GenFem explores embodied experiences of gender, feminism, and solidarity in Northern Ireland (NI) through the context of performance. This practice-as-research (PaR) project is underpinned by the fundamental assertion of the value of embodied knowledge as a refusal of the silence and shame imposed on feminised bodies and as a means of engaging with the complexity of identity and experiences in NI beyond a religio-ethnic binary. As NI emerges into a post-conflict period, scholars need to engage with complex multiplicities of intersectional experience. GenFem expands discussion of identity by attending to gender and generation through embodied knowledge, as well as engaging with feminism as a force for change in NI.
Political instability in NI is exacerbated by power-sharing mechanisms put in place following the 1998 Good Friday Agreement and rooted in ethno-national division. There is also a conflictual binary at the heart of sustained media focus on generational tensions: e.g. the supposed feud between Baby Boomers and ‘snowflake’ Millennials, with the belittling generational label ‘Ceasefire Babies’ used in NI to describe those born after 1998.
For GenFem, researcher Shonagh Hill devised intergenerational somatic movement workshops for women living in NI with Belfast-based company, Maiden Voyage Dance. These workshops developed body-mind integration and reflection, offering participants opportunities to explore their embodied knowledge, discovering the histories in and of their bodies, and investigating the embodied experiences of different generations of women in NI. The structure of the workshops emphasised the creative agency of participants as they ‘wrote’ their embodied histories through movement (Susan Foster, 1995).
Objectives:
WP1: (i) examine embodied experiences of different generations of women in NI (ii) address their relationship to feminism (both movements and ideas circulating within culture), and how the context and legacy of decades of civil violence in NI, and international debate around women’s issues (e.g. #metoo, rape culture, reproductive rights) has shaped gendered experience.

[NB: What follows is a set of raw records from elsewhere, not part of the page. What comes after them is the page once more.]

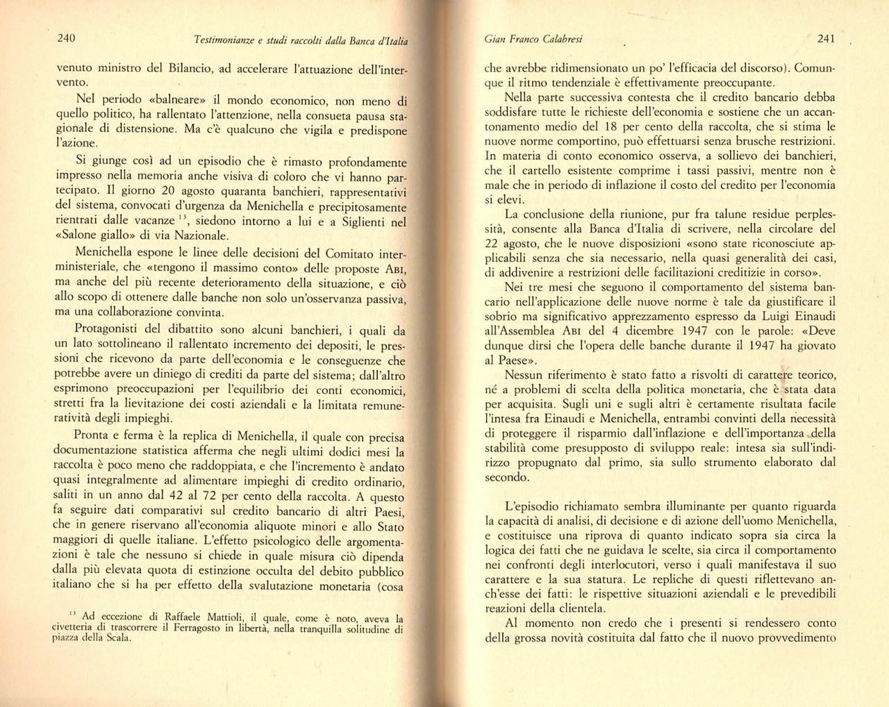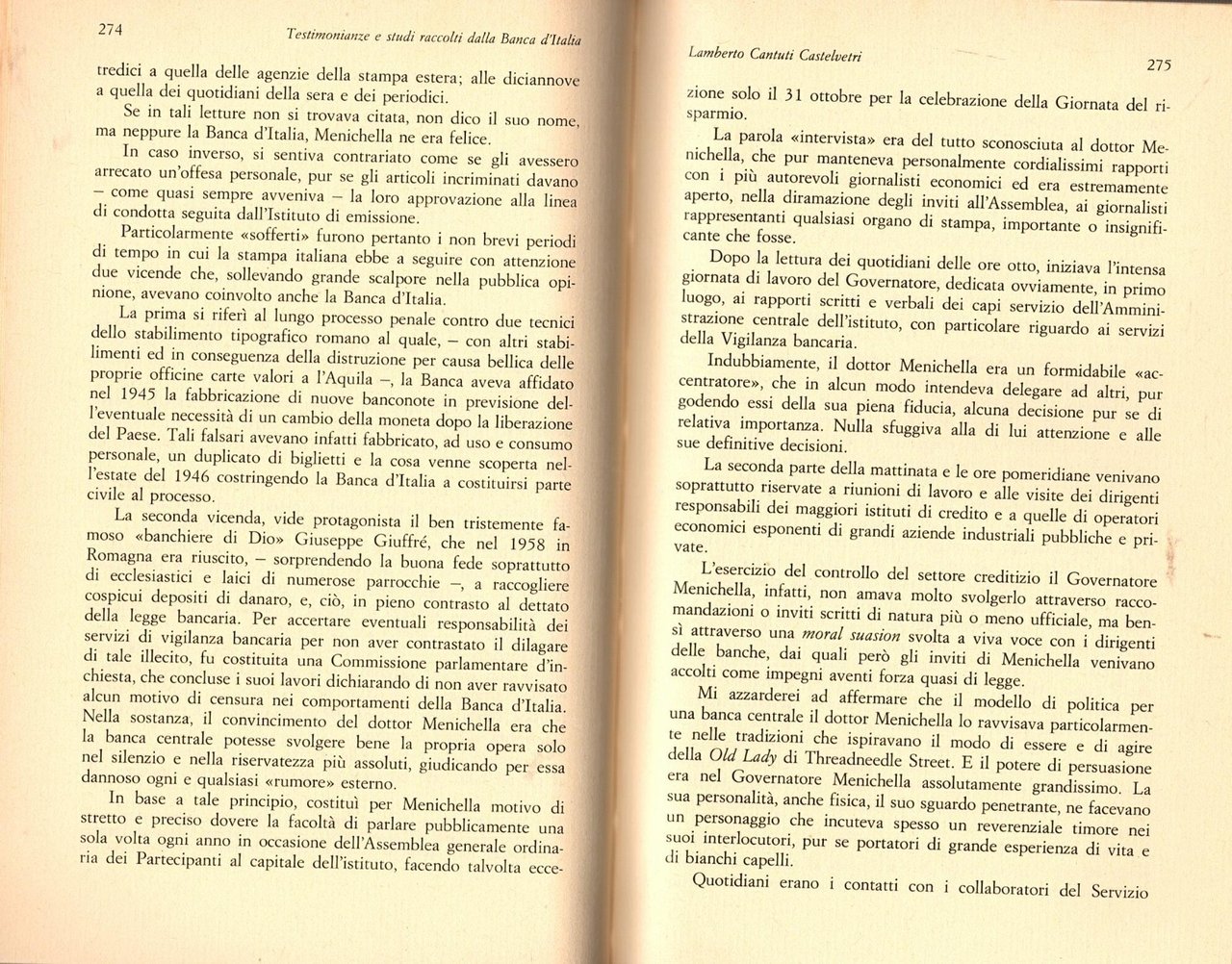 TESTIMONIANZE E STUDI RACCOLTI DALLA BANCA D'ITALIA di Menichella 1986 Laterza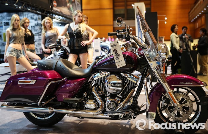 (서울=포커스뉴스) 31일 오전 서울 강남구 코엑스 D홀에서 열린 '2016 서울 모터사이클쇼' 에 할리데이비슨 부스의 모델들이 포즈를 취하고 있다.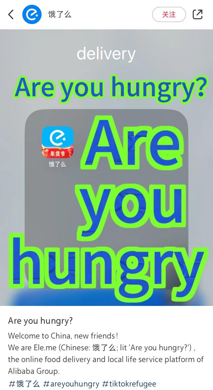 为加深外国人的印象,饿了么官方帐号,在小红书上发布笔记,问网友:“Are You Hungry?并且在评论区抽奖。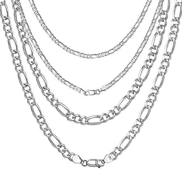 The chain features the classic Figaro link pattern, renowned for its unique alternating sequence of three small links followed by one larger one. With a width ranging from 0.12" to 0.23" (3-6 mm), this chain provides a perfect balance between delicate style and noticeable presence, catering to a range of personal tastes.

WP2: investigate working practices that address tensions and solidarities of intergenerational relationships. Building on a strong tradition of political engagement through women’s coalitional work in NI (e.g. Peace People (est. 1976); NI Women’s Coalition (est. 1996)), develop and deliver workshops with Maiden Voyage Dance that are open to public participation.
WP3 objectives: (i) investigate an archive of women’s theatre and performance in NI as a means of housing a network of intergenerational relationships. Create an audio tour, ‘Holding the Past: An Archival Encounter’, in response to the Linen Hall’s extraORDINARY Women exhibition (2021), facilitating the listener’s engagement with how archives shape the past and as an intergenerational space. (ii) Acquisition of new practice-led research skills and movement methodologies training from supervisor, Aoife McGrath. This training was applied to the project’s 3 work packages, supporting cultural industry/institution collaboration (Maiden Voyage, Linen Hall Library), as well as hands-on engagement for diverse non-scientific audiences. (iii) Application of these new skills to teaching practice through development and delivery of a PaR module for students in Drama (QUB).

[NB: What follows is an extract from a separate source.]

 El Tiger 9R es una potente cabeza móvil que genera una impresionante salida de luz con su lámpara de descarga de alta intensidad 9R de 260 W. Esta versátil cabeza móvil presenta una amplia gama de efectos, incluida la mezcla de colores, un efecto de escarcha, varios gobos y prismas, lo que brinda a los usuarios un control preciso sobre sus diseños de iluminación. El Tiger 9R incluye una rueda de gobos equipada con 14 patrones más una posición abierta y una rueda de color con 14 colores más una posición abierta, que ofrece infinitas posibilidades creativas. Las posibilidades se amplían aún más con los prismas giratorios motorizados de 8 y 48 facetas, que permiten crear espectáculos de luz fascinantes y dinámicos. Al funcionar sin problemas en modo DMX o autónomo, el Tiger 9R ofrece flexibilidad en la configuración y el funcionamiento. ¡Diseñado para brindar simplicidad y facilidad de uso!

The key finding of the 2021 workshops was that generational differences and tensions are exaggerated, and that they are not insurmountable. Both the 2021 and 2022 workshops underlined the importance of reassessing structures used to tell histories and shape relations. Telling histories (feminist and Northern Irish) through generational models upholds patriarchal structures, sows division, and excludes non-mainstream experiences and narratives. The combination of the overstatement of generations with a model of conflictual binaries (e.g. mother/ daughter, during/after the Troubles) perpetuates conflict and over-simplifies, resulting in the loss of more complex histories. Moreover, within the context of NI, conflictual binaries serve to divert and stall progressive forces for change. Through refusal of both conflictual binaries and linearity, intergenerational and intersectional models generate more complex ways of telling feminist histories. Many participants expressed how empowering it was to express their lived experiences with different generations: ‘[it] feels transformational’.